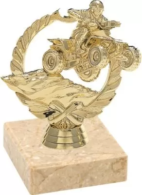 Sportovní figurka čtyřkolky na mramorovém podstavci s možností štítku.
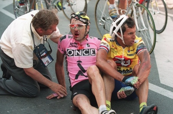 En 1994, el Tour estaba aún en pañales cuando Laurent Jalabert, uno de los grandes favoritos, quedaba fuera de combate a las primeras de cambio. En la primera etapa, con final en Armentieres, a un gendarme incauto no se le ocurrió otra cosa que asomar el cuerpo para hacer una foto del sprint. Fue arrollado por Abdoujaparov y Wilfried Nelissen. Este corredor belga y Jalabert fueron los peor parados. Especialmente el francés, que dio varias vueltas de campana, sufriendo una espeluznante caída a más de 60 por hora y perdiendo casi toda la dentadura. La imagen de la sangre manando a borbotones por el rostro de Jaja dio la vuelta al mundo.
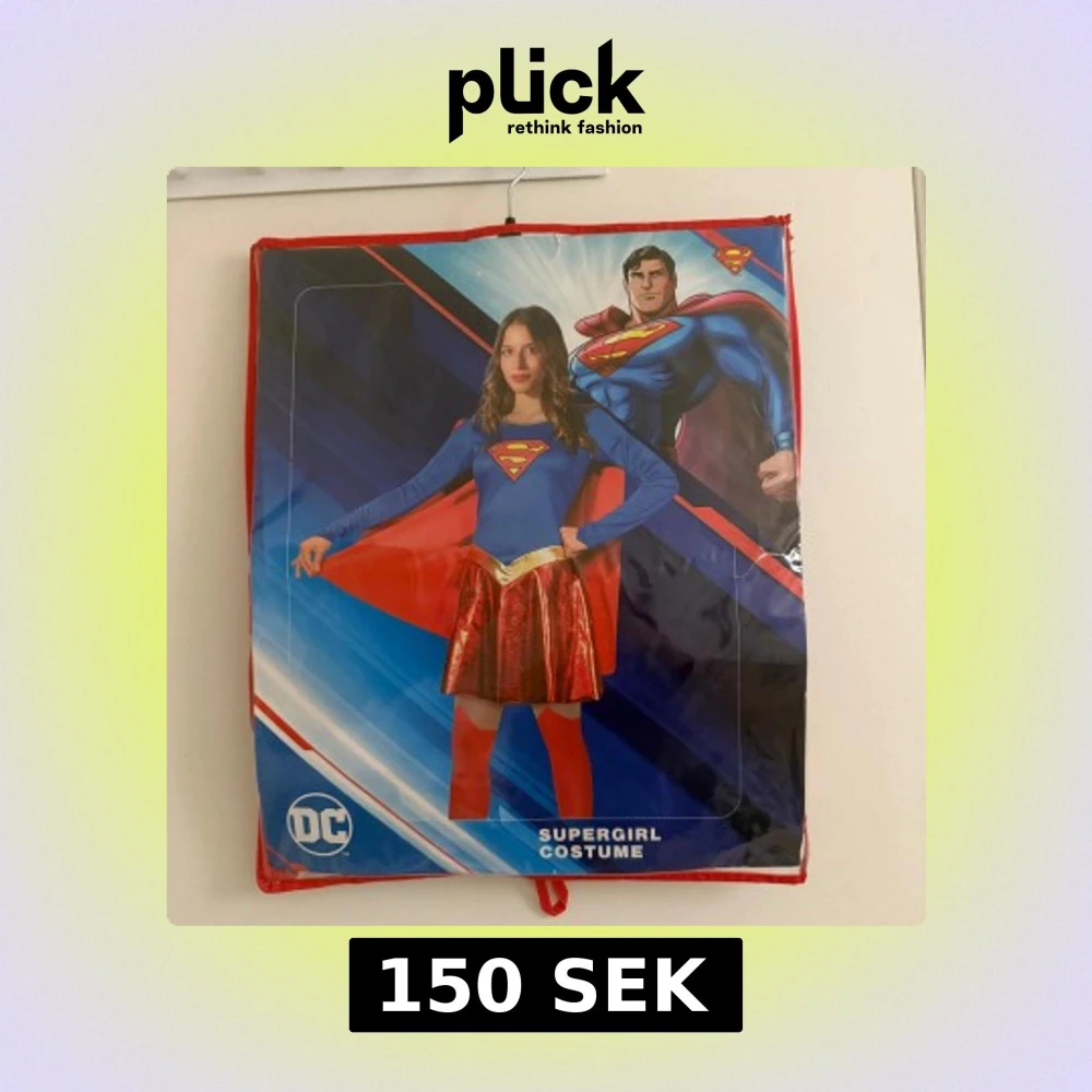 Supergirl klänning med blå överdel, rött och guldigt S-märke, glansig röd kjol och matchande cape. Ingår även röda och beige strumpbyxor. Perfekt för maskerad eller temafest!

What is expected:
Send back every line of the listing exactly. Omit the images.

Result of this task:
 Sportovní figurka čtyřkolky na mramorovém podstavci s možností štítku.
 En 1994, el Tour estaba aún en pañales cuando Laurent Jalabert, uno de los grandes favoritos, quedaba fuera de combate a las primeras de cambio. En la primera etapa, con final en Armentieres, a un gendarme incauto no se le ocurrió otra cosa que asomar el cuerpo para hacer una foto del sprint. Fue arrollado por Abdoujaparov y Wilfried Nelissen. Este corredor belga y Jalabert fueron los peor parados. Especialmente el francés, que dio varias vueltas de campana, sufriendo una espeluznante caída a más de 60 por hora y perdiendo casi toda la dentadura. La imagen de la sangre manando a borbotones por el rostro de Jaja dio la vuelta al mundo.
 Supergirl klänning med blå överdel, rött och guldigt S-märke, glansig röd kjol och matchande cape. Ingår även röda och beige strumpbyxor. Perfekt för maskerad eller temafest!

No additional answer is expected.